START Given data
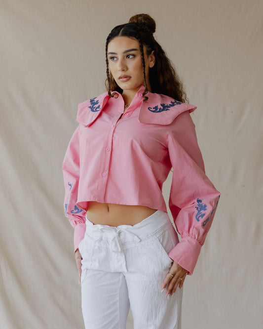 Baroque Collar Pink Shirt
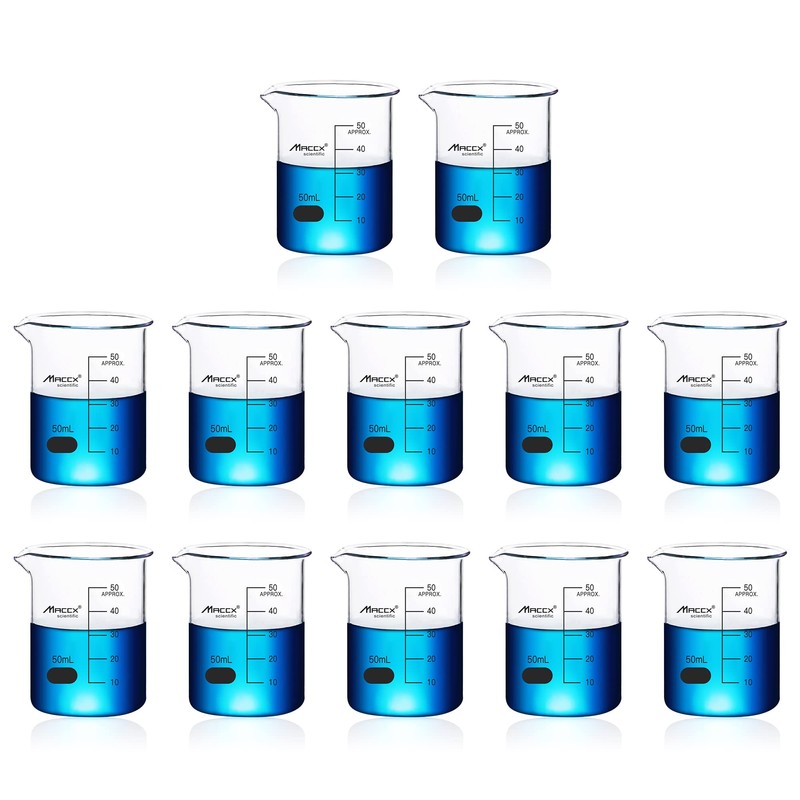 Maccx 1.7oz(50ml) Sturdy Glass Beaker, 3.3 Borosilicate Griffin Low Form with Printed Graduation, Pack of 12, BKL050-012
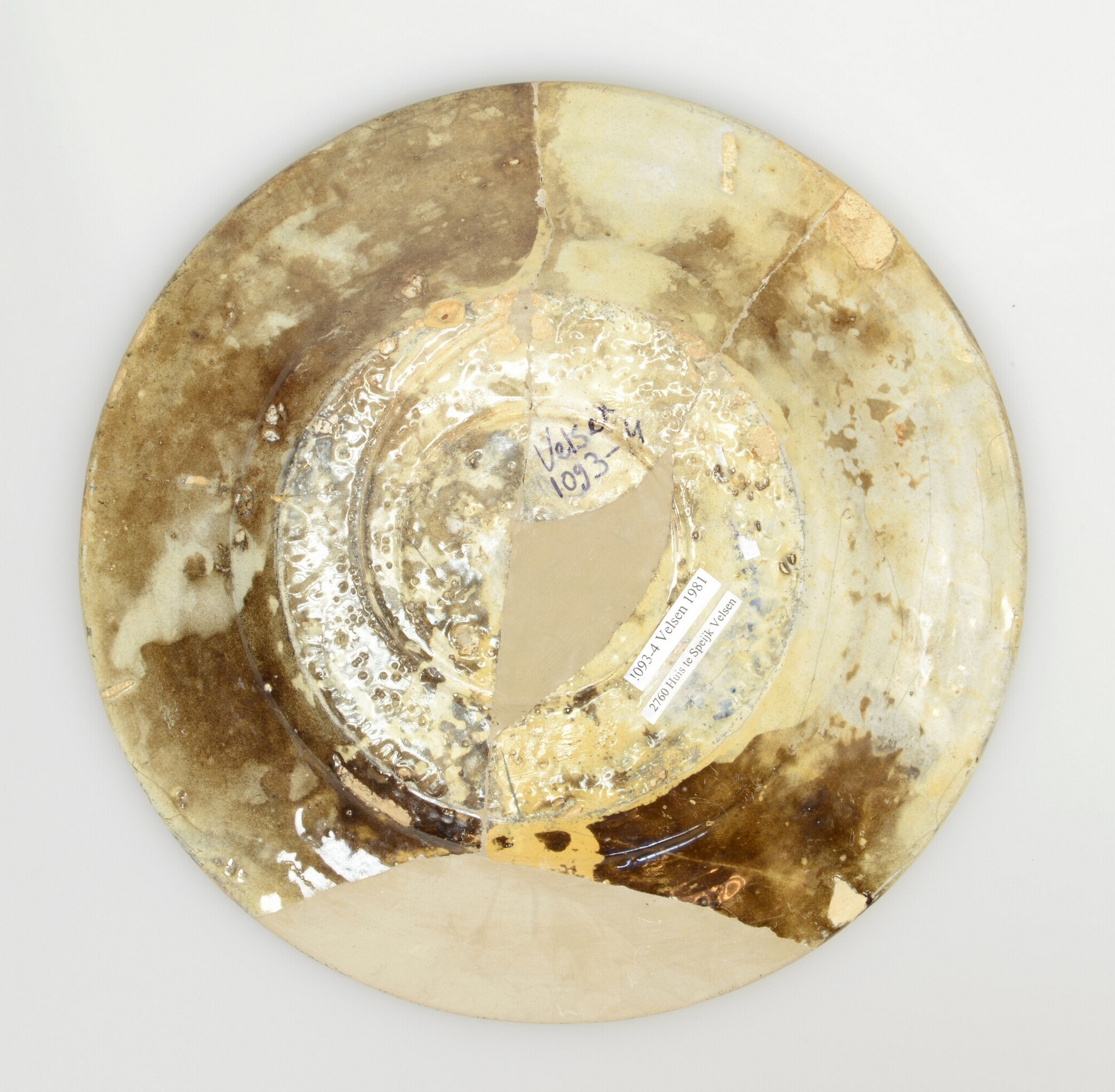 Bord; f-bor-2; faience; tinglazuur; blauw, sp: doedelzakspeler op vat; standvlak
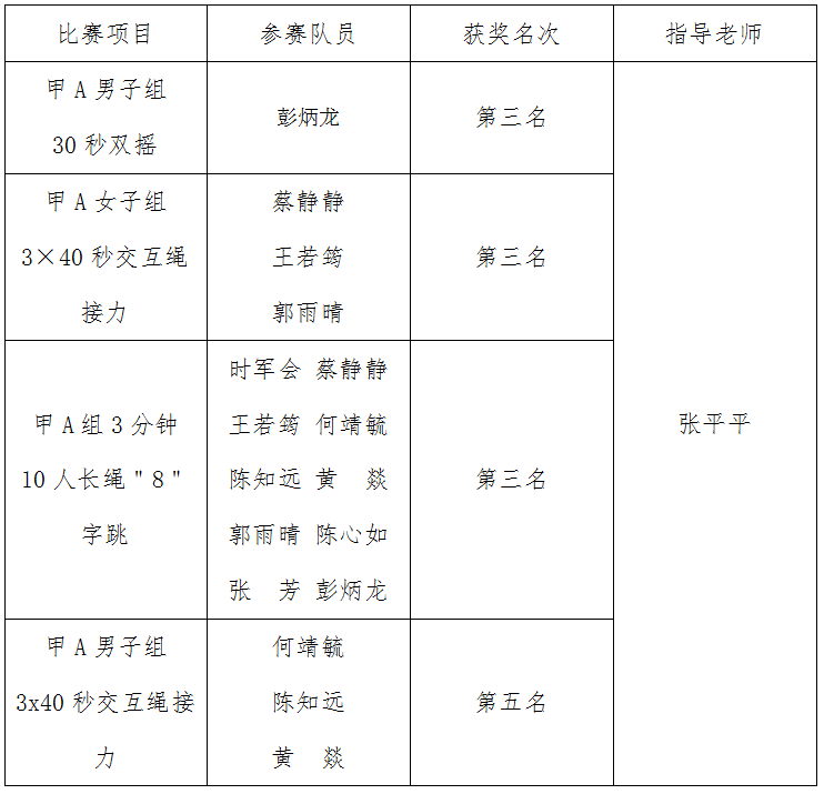7月12日,由福建省教育厅、福建省体育局主办,武夷学院承办的福建省第十七届运动会(大学生部)跳绳项目圆满落幕。经过激烈角逐,开云手机入口选派的11名运动员在甲A组比赛项目中荣获3枚铜牌。
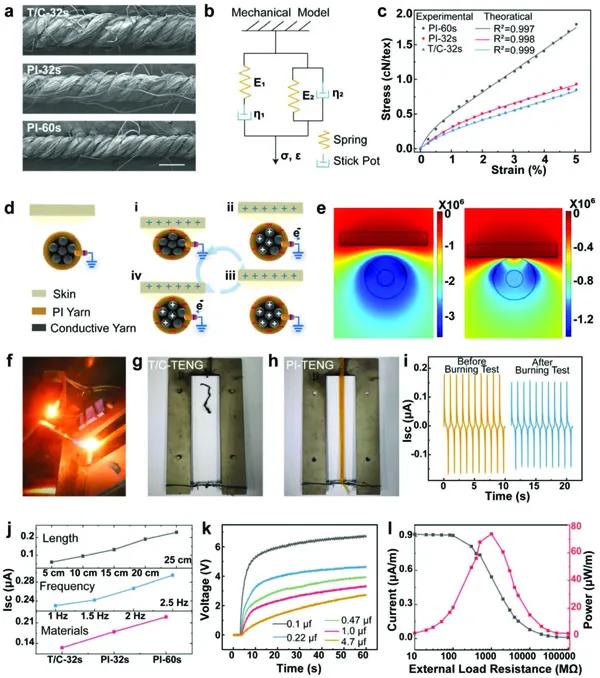 a)TENG紗線(比例尺:500 μm)的SEM圖像,分別為T/C-32s,PI-32s和PI-60s。b)TENG紗線非線性力學(xué)性能的本構(gòu)模型的圖示(注:σ表示TENG紗線上的應(yīng)力,ε表示TENG紗線的應(yīng)變,E1和E2表示虎克彈簧的彈性模量,η1和η2分別表示代表皮層紗和芯紗的黏壺的粘滯系數(shù)。c)TENG紗線的應(yīng)力-應(yīng)變曲線與模型預(yù)測結(jié)果的比較,為實(shí)驗(yàn)結(jié)果提供預(yù)測依據(jù)。e)COMSOL模擬的不同狀態(tài)下的電位分布。f)阻燃性能測試:g)T/C-32s TENG在燃燒測試后繼續(xù)燃燒成灰燼,h)PI-32s FRTY在燃燒測試后外觀保持穩(wěn)定,i)測試后電氣輸出性能僅略有下降。j)不同材料、頻率和長度的TENG紗線的短路電流。k)PI-32s FRTY在1 Hz頻率和30 N力作用下的電容充電能力。l)在1 Hz頻率和30 N力作用下,在不同的外部負(fù)載電阻作用下測量PI-32s FRTY的電流和峰值功率。
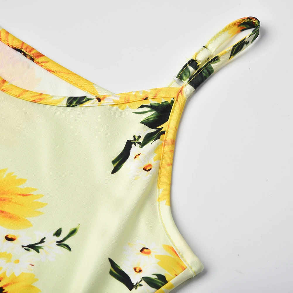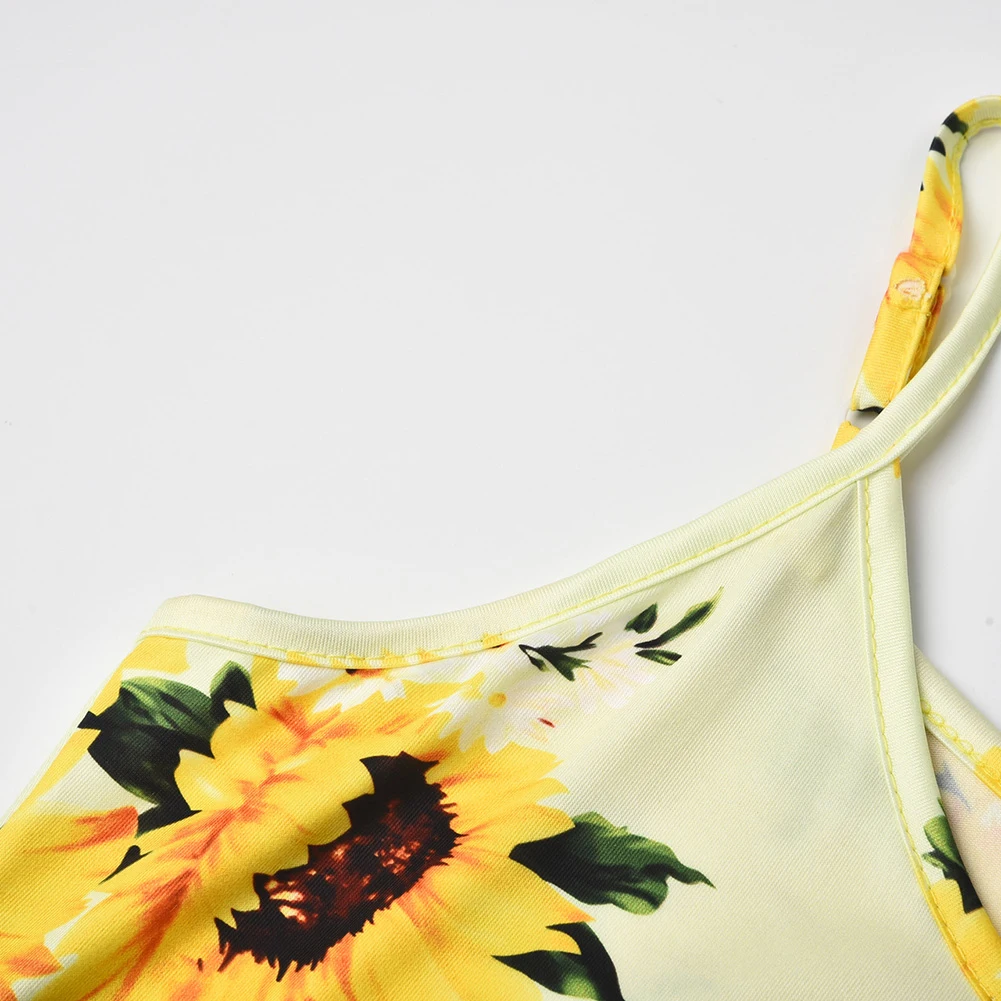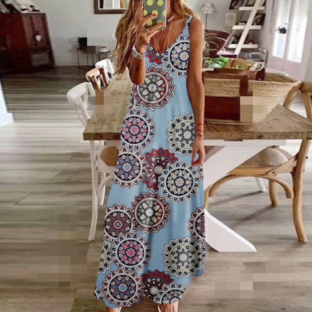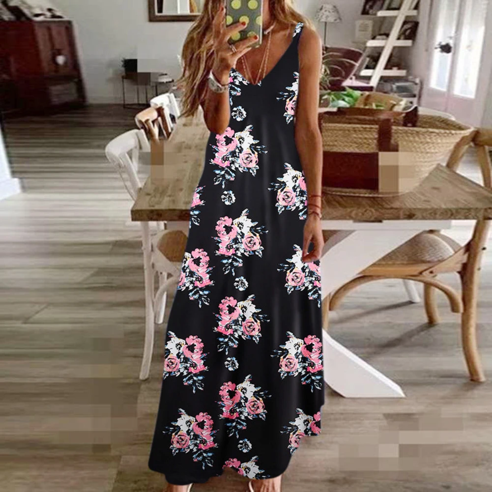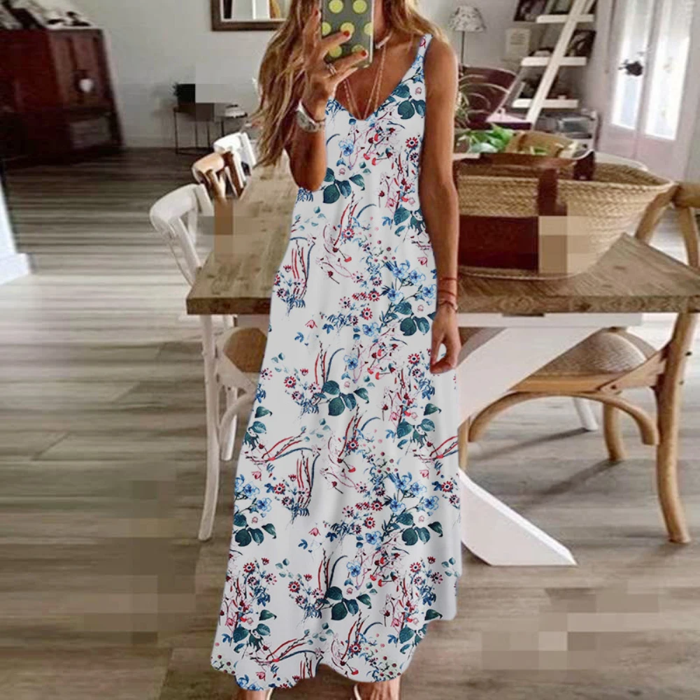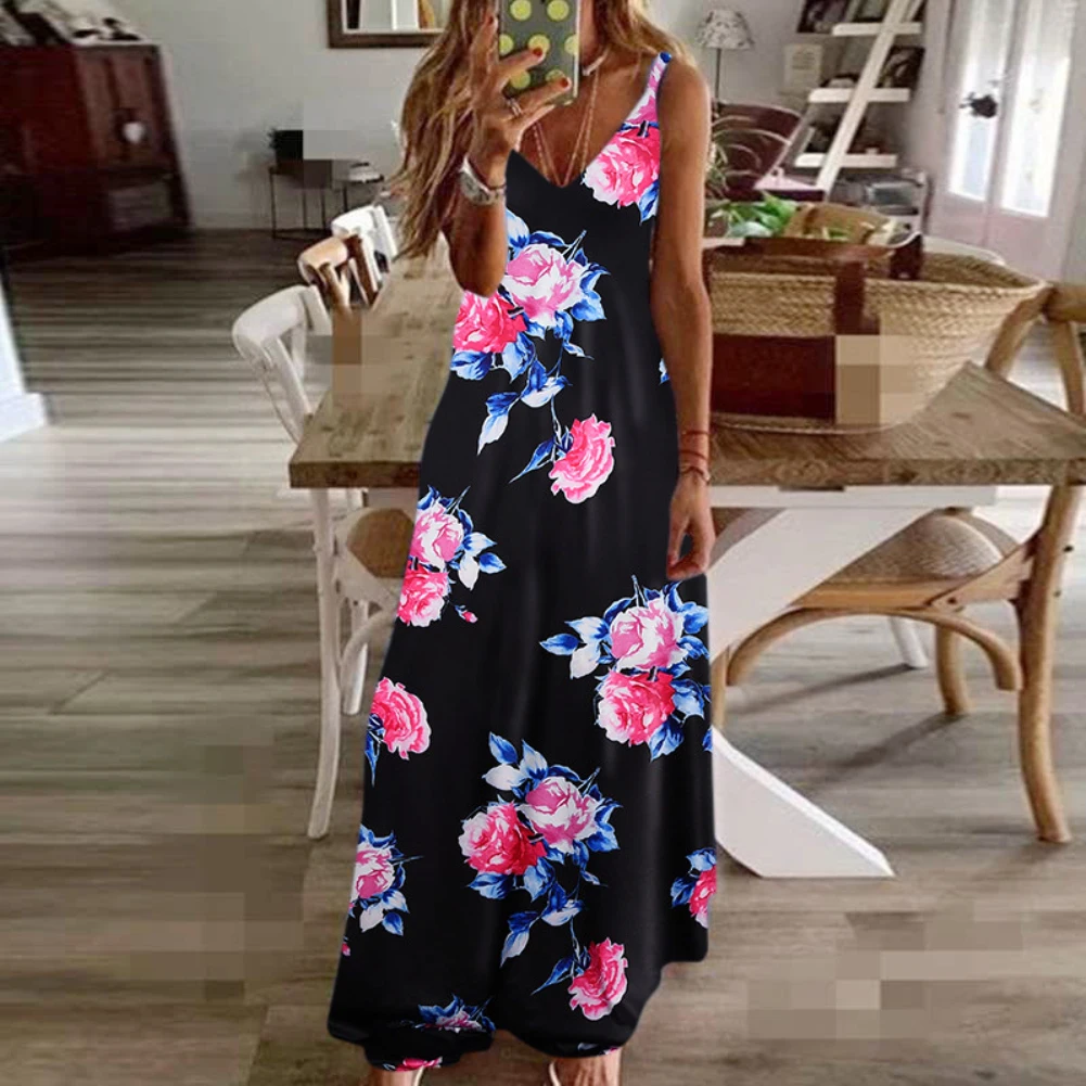 Women V Neck Adjustable Straps Chrysanthemum Print Large Hem Long Sling Dress
END Given data
Work to be completed: The entire listing above, word for word and without pictures, is what should be output.

Expected output:
 Baroque Collar Pink Shirt
 Maccx 1.7oz(50ml) Sturdy Glass Beaker, 3.3 Borosilicate Griffin Low Form with Printed Graduation, Pack of 12, BKL050-012
 Bord; f-bor-2; faience; tinglazuur; blauw, sp: doedelzakspeler op vat; standvlak
7月12日,由福建省教育厅、福建省体育局主办,武夷学院承办的福建省第十七届运动会(大学生部)跳绳项目圆满落幕。经过激烈角逐,开云手机入口选派的11名运动员在甲A组比赛项目中荣获3枚铜牌。
 a)TENG紗線(比例尺:500 μm)的SEM圖像,分別為T/C-32s,PI-32s和PI-60s。b)TENG紗線非線性力學(xué)性能的本構(gòu)模型的圖示(注:σ表示TENG紗線上的應(yīng)力,ε表示TENG紗線的應(yīng)變,E1和E2表示虎克彈簧的彈性模量,η1和η2分別表示代表皮層紗和芯紗的黏壺的粘滯系數(shù)。c)TENG紗線的應(yīng)力-應(yīng)變曲線與模型預(yù)測結(jié)果的比較,為實(shí)驗(yàn)結(jié)果提供預(yù)測依據(jù)。e)COMSOL模擬的不同狀態(tài)下的電位分布。f)阻燃性能測試:g)T/C-32s TENG在燃燒測試后繼續(xù)燃燒成灰燼,h)PI-32s FRTY在燃燒測試后外觀保持穩(wěn)定,i)測試后電氣輸出性能僅略有下降。j)不同材料、頻率和長度的TENG紗線的短路電流。k)PI-32s FRTY在1 Hz頻率和30 N力作用下的電容充電能力。l)在1 Hz頻率和30 N力作用下,在不同的外部負(fù)載電阻作用下測量PI-32s FRTY的電流和峰值功率。
 Women V Neck Adjustable Straps Chrysanthemum Print Large Hem Long Sling Dress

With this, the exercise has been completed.